**Assignment**:
From the records below, output exactly the lines running from the line containing "Leucoagaricus leucothites is" through the line containing "RG8G32423 4 x", and no others.

***** Dataset entries

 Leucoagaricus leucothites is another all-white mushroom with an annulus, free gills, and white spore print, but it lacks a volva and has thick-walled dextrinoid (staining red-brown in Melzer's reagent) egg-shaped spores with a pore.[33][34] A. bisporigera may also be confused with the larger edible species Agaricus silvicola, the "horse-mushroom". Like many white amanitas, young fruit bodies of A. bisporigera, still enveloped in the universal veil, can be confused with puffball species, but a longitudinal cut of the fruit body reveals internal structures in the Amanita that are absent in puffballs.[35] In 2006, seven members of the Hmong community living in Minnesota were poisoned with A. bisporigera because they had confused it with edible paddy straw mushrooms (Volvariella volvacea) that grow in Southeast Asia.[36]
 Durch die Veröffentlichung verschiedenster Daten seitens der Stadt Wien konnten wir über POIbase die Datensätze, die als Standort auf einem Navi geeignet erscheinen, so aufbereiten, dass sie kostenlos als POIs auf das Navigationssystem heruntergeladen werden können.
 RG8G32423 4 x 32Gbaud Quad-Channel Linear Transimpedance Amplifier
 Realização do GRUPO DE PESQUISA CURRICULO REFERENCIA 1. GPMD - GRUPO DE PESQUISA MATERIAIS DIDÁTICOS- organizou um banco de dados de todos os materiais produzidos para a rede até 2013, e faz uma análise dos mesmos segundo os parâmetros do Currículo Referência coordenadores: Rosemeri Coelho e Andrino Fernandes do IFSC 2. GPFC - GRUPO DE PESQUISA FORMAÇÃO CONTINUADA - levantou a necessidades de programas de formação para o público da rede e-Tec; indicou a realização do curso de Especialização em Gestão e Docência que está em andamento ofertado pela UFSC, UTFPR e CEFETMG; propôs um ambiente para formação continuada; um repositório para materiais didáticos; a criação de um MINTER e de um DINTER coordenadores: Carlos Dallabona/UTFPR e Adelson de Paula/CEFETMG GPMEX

**********
***** Dataset entries

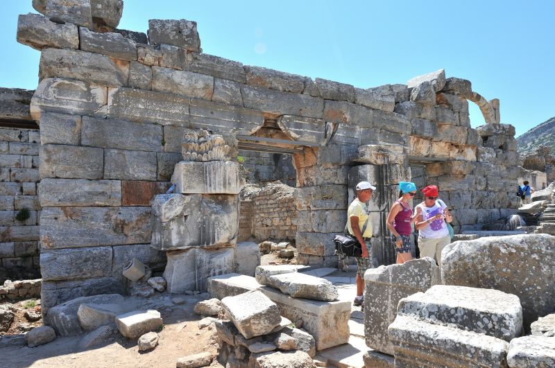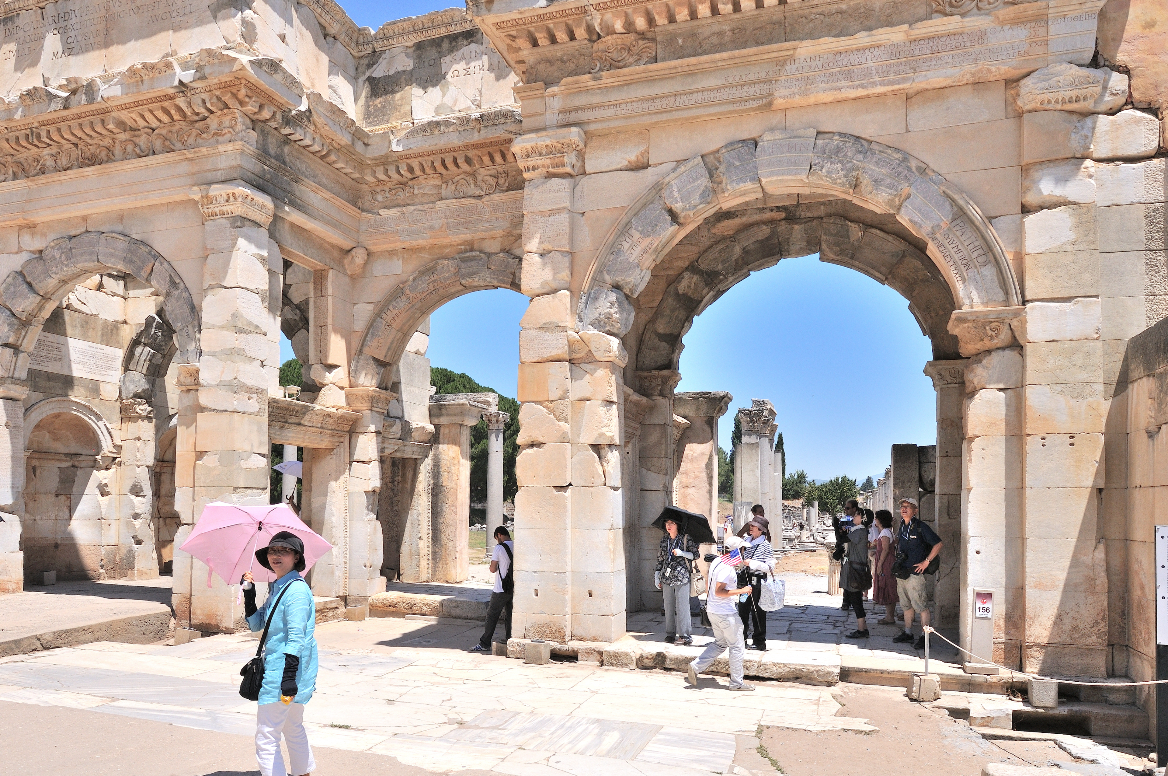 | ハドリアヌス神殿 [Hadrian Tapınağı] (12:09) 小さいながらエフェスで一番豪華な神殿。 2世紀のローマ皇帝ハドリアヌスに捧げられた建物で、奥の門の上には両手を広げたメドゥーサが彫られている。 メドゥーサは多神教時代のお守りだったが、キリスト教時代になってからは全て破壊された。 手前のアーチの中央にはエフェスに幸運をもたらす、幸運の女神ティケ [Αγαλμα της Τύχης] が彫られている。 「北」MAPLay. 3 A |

**********

**Reply to the task**:
 Leucoagaricus leucothites is another all-white mushroom with an annulus, free gills, and white spore print, but it lacks a volva and has thick-walled dextrinoid (staining red-brown in Melzer's reagent) egg-shaped spores with a pore.[33][34] A. bisporigera may also be confused with the larger edible species Agaricus silvicola, the "horse-mushroom". Like many white amanitas, young fruit bodies of A. bisporigera, still enveloped in the universal veil, can be confused with puffball species, but a longitudinal cut of the fruit body reveals internal structures in the Amanita that are absent in puffballs.[35] In 2006, seven members of the Hmong community living in Minnesota were poisoned with A. bisporigera because they had confused it with edible paddy straw mushrooms (Volvariella volvacea) that grow in Southeast Asia.[36]
 Durch die Veröffentlichung verschiedenster Daten seitens der Stadt Wien konnten wir über POIbase die Datensätze, die als Standort auf einem Navi geeignet erscheinen, so aufbereiten, dass sie kostenlos als POIs auf das Navigationssystem heruntergeladen werden können.
 RG8G32423 4 x 32Gbaud Quad-Channel Linear Transimpedance Amplifier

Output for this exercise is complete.